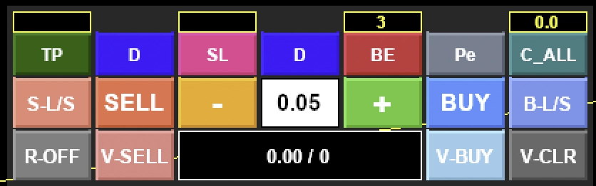 仮想トレードのボタンは、最下段(3列目)に配置 ・R-OFFボタンを押すと赤に変わり、リアルトレードできます。ご発注防止で作りました。 ・V-SELLボタンは、仮想SELLエントリーボタン ・0.00/0はロット数と損益を表示します(ロット数は2段目のボタンで調整)
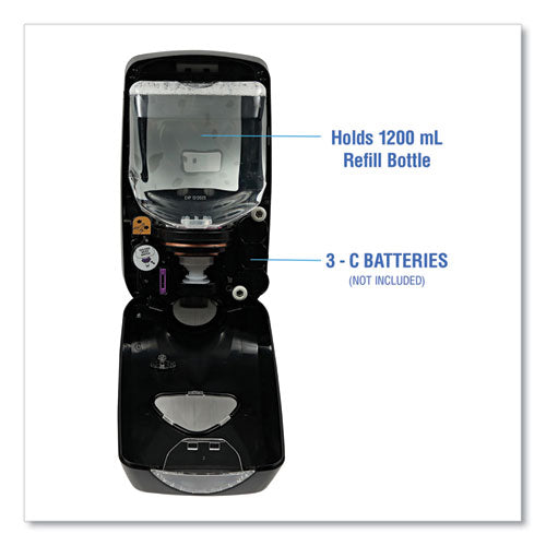 Touch-free, trouble-free dispensing system allows for easy access to soap for your patrons. Holds a large, 1200 mL refill, for long-lasting service with fewer refills. Dispenser features a skylight and a sight window, which make it easy to see when it's time for a refill. Uses three C alkaline batteries (not included)
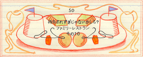 ![]() さあて、お料理が出来上がるまでの間、 おしゃべりで盛り上がるのもいいですけれど、 ちょっと回りの景色を見てみましょう。 どんなお客様が来てるでしょうか? いろいろな人がお客様としてやってくる ファミリーレストランの醍醐味の一つは、人間観察。 そういうと、ちょっと変な人のように 思われるかもしれませんけど、でも楽しい。 楽しい以上に、このお店はどういう店なんだろう、 というコトがわかる。 それから、この店でこれから どういうことが起こるだろう、 というコトもわかってとても勉強になるんです。
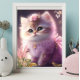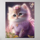 Poster Gatinho Fofinho de Gata em Vestido Roxo Arte Flora
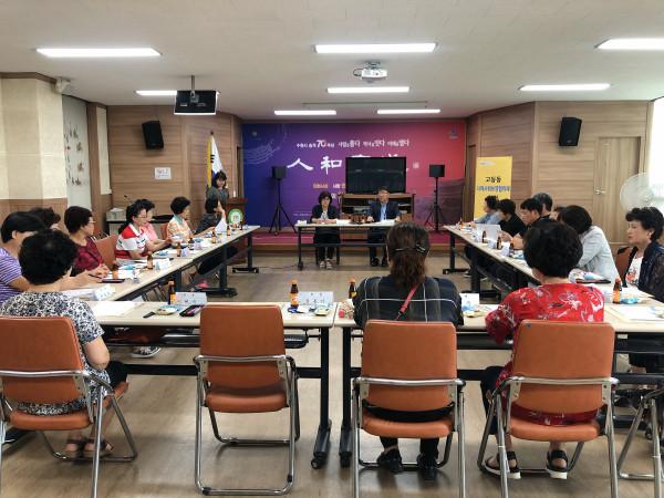경기 수원시 팔달구 고등동에서는 지난 5일 행정복지센터 대회의실에서 7월중 지역사회보장협의체 월례회의를 개최했다. 이날 회의는 2019년 신규 사업인 ‘고등천사 희망그루터기 사업’을 비롯한 각종 시정 홍보 사항을 전달하고, 여름 맞이 ‘고등어의 행복나눔 사업’ 세부계획에 대해 논의했다. 사진은 참여자들이 회의하는 모습. (사진제공=팔달구청)
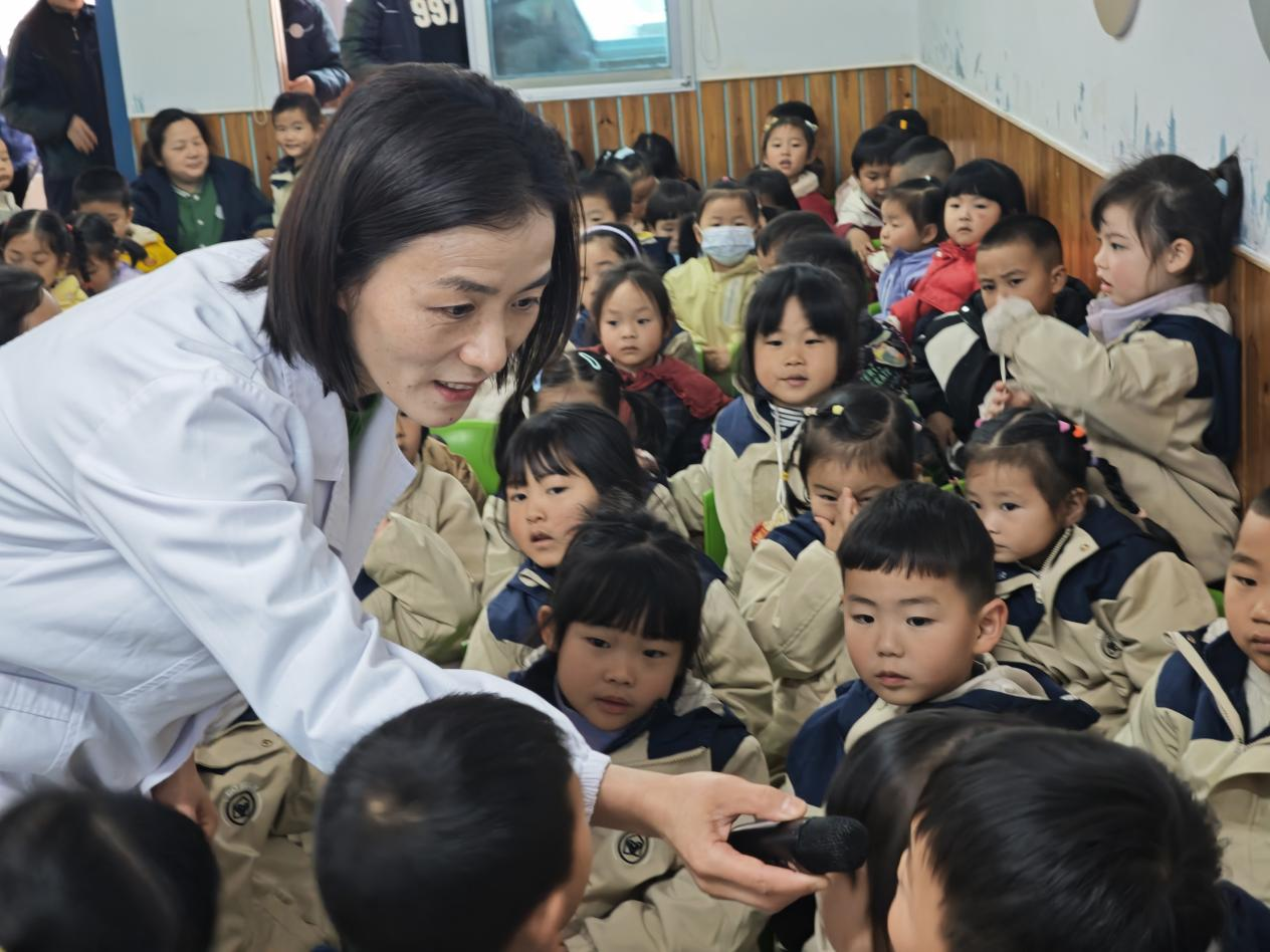 同一时间,博苑新东方幼儿园里则是一片童趣盎然。面对天真烂漫的幼儿,中医科护士长刘双双摇身一变,成了讲故事的人和做游戏的人。孩子们在趣味互动中认识了金银花、艾叶、陈皮这些身边的中草药,在欢声笑语里感受中医药文化的奇妙。一颗关于传统文化的种子,就这样不经意间落进了童心。
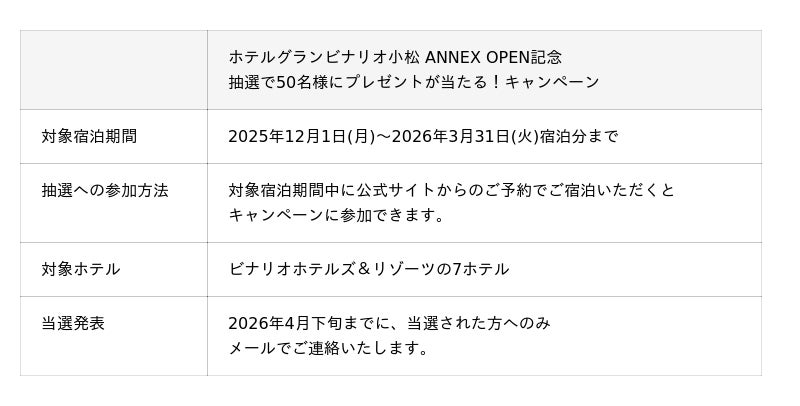 ビナリオホテルズ&リゾーツを運営する、アイアンドエフ・ビルディング株式会社(本社:大阪府北区 代表取締役社長:泉邦治)は、2025年10月23日(木)にOPENしたホテルグランビナリオKOMATSU別館のホテルグランビナリオKOMATSU ANNEXのOPEN記念として、抽選で50名様にプレゼントが当たるキャンペーンを開催いたします。
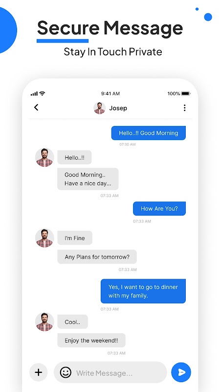 Messenger - Apl Mesej SMS ialah apl pemesejan teks yang disulitkan yang menggunakan penyulitan hujung ke hujung untuk komunikasi yang selamat. Apl Pemesejan Teks SMS yang membolehkan anda menghantar dan menerima SMS, MMS dan bersembang dengan kenalan anda. i message memberi anda cara yang mudah dan cekap untuk kekal berhubung dengan rakan, keluarga dan rakan sekerja anda.
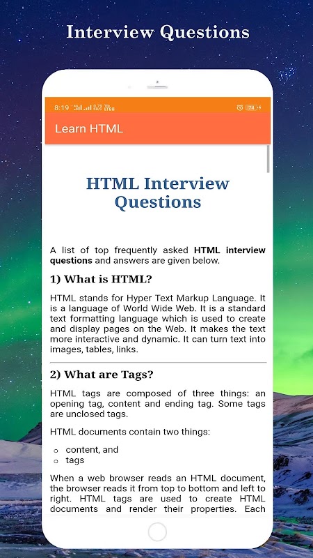 If you are searching for an application to learn HTML programming basic to advance without any programming knowledge . You are at right place. Whether you an experienced programmer or not , this application is intended for everyone who wish to learn the HTML programming.
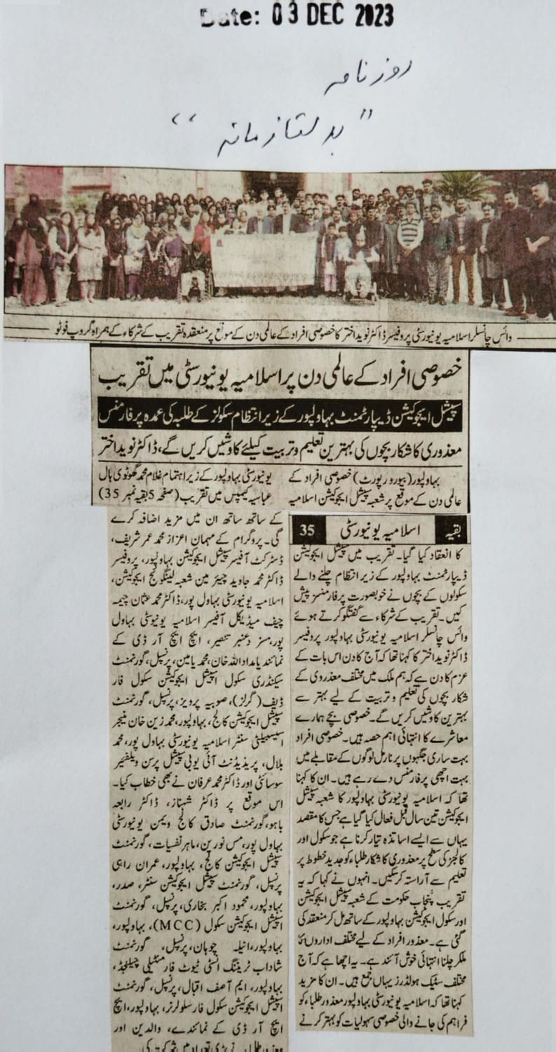 The Islamia University of Bahawalpur was established in the year 1975 by upgrading historical institute of the Jamia Abbasia.
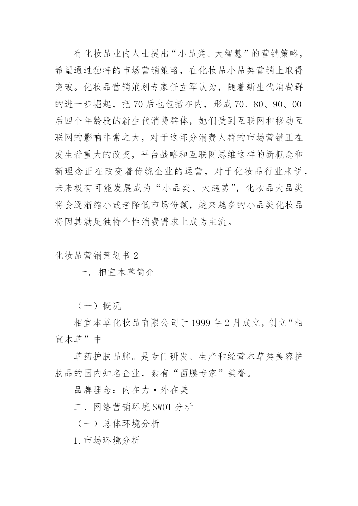 化妆品网络营销策划书化妆品网络营销策划书时间稍纵即逝,辛苦的工作已经告一段落了,前方等待着我们的是新工作目标和挑战,想必现在的你有必要写一写策划书了。那么策划书有什么格式呢?以下是小编收集整理的化妆品网络营销策划书,供大家参考借鉴,希望可以帮助到有需要的朋友。化妆品网络营销策划书1一、市场背景美丽是人类一直追求的目标,在我国经济开放30多年的今天人民生活水平的不断提高,个人消费水平不断上升,尤其是女性的消费水平占到了家庭生活开销的1/3之多,是男士消费水平的2至4倍。于是化妆品行业在这几年迅猛发展,以专买
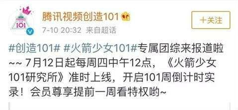 7月11日晚,火箭少女101的官微同时宣布,小姐姐们将参与录制专属团综《火箭少女101研究所》,这档综艺将在每周四播出,这档综艺播完之后,小姐姐们的参演的网剧《少女宿舍》也将开始拍摄。
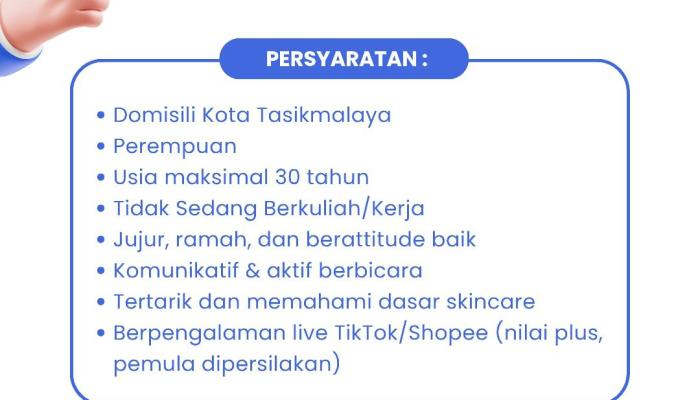 Apakah Anda seorang perempuan yang komunikatif, percaya diri di depan kamera, dan memiliki ketertarikan besar di dunia kecantikan? Peluang karir menarik kini hadir di Kota Tasikmalaya! Kami sedang mencari talenta berbakat untuk bergabung sebagai Host Live Skincare guna mempromosikan produk-produk perawatan kulit unggulan melalui platform live streaming.

□ □ □ □ □ □ □

→ ACTIVITY
Images are to be omitted; everything else in the records is to be transcribed exactly.

→ SOLUTION TO THIS PROBLEM
 仮想トレードのボタンは、最下段(3列目)に配置 ・R-OFFボタンを押すと赤に変わり、リアルトレードできます。ご発注防止で作りました。 ・V-SELLボタンは、仮想SELLエントリーボタン ・0.00/0はロット数と損益を表示します(ロット数は2段目のボタンで調整)
 Touch-free, trouble-free dispensing system allows for easy access to soap for your patrons. Holds a large, 1200 mL refill, for long-lasting service with fewer refills. Dispenser features a skylight and a sight window, which make it easy to see when it's time for a refill. Uses three C alkaline batteries (not included)
 ![]() さあて、お料理が出来上がるまでの間、 おしゃべりで盛り上がるのもいいですけれど、 ちょっと回りの景色を見てみましょう。 どんなお客様が来てるでしょうか? いろいろな人がお客様としてやってくる ファミリーレストランの醍醐味の一つは、人間観察。 そういうと、ちょっと変な人のように 思われるかもしれませんけど、でも楽しい。 楽しい以上に、このお店はどういう店なんだろう、 というコトがわかる。 それから、この店でこれから どういうことが起こるだろう、 というコトもわかってとても勉強になるんです。
 Poster Gatinho Fofinho de Gata em Vestido Roxo Arte Flora
경기 수원시 팔달구 고등동에서는 지난 5일 행정복지센터 대회의실에서 7월중 지역사회보장협의체 월례회의를 개최했다. 이날 회의는 2019년 신규 사업인 ‘고등천사 희망그루터기 사업’을 비롯한 각종 시정 홍보 사항을 전달하고, 여름 맞이 ‘고등어의 행복나눔 사업’ 세부계획에 대해 논의했다. 사진은 참여자들이 회의하는 모습. (사진제공=팔달구청)
 同一时间,博苑新东方幼儿园里则是一片童趣盎然。面对天真烂漫的幼儿,中医科护士长刘双双摇身一变,成了讲故事的人和做游戏的人。孩子们在趣味互动中认识了金银花、艾叶、陈皮这些身边的中草药,在欢声笑语里感受中医药文化的奇妙。一颗关于传统文化的种子,就这样不经意间落进了童心。
 ビナリオホテルズ&リゾーツを運営する、アイアンドエフ・ビルディング株式会社(本社:大阪府北区 代表取締役社長:泉邦治)は、2025年10月23日(木)にOPENしたホテルグランビナリオKOMATSU別館のホテルグランビナリオKOMATSU ANNEXのOPEN記念として、抽選で50名様にプレゼントが当たるキャンペーンを開催いたします。
 Messenger - Apl Mesej SMS ialah apl pemesejan teks yang disulitkan yang menggunakan penyulitan hujung ke hujung untuk komunikasi yang selamat. Apl Pemesejan Teks SMS yang membolehkan anda menghantar dan menerima SMS, MMS dan bersembang dengan kenalan anda. i message memberi anda cara yang mudah dan cekap untuk kekal berhubung dengan rakan, keluarga dan rakan sekerja anda.
 If you are searching for an application to learn HTML programming basic to advance without any programming knowledge . You are at right place. Whether you an experienced programmer or not , this application is intended for everyone who wish to learn the HTML programming.
 The Islamia University of Bahawalpur was established in the year 1975 by upgrading historical institute of the Jamia Abbasia.
 化妆品网络营销策划书化妆品网络营销策划书时间稍纵即逝,辛苦的工作已经告一段落了,前方等待着我们的是新工作目标和挑战,想必现在的你有必要写一写策划书了。那么策划书有什么格式呢?以下是小编收集整理的化妆品网络营销策划书,供大家参考借鉴,希望可以帮助到有需要的朋友。化妆品网络营销策划书1一、市场背景美丽是人类一直追求的目标,在我国经济开放30多年的今天人民生活水平的不断提高,个人消费水平不断上升,尤其是女性的消费水平占到了家庭生活开销的1/3之多,是男士消费水平的2至4倍。于是化妆品行业在这几年迅猛发展,以专买
 7月11日晚,火箭少女101的官微同时宣布,小姐姐们将参与录制专属团综《火箭少女101研究所》,这档综艺将在每周四播出,这档综艺播完之后,小姐姐们的参演的网剧《少女宿舍》也将开始拍摄。
 Apakah Anda seorang perempuan yang komunikatif, percaya diri di depan kamera, dan memiliki ketertarikan besar di dunia kecantikan? Peluang karir menarik kini hadir di Kota Tasikmalaya! Kami sedang mencari talenta berbakat untuk bergabung sebagai Host Live Skincare guna mempromosikan produk-produk perawatan kulit unggulan melalui platform live streaming.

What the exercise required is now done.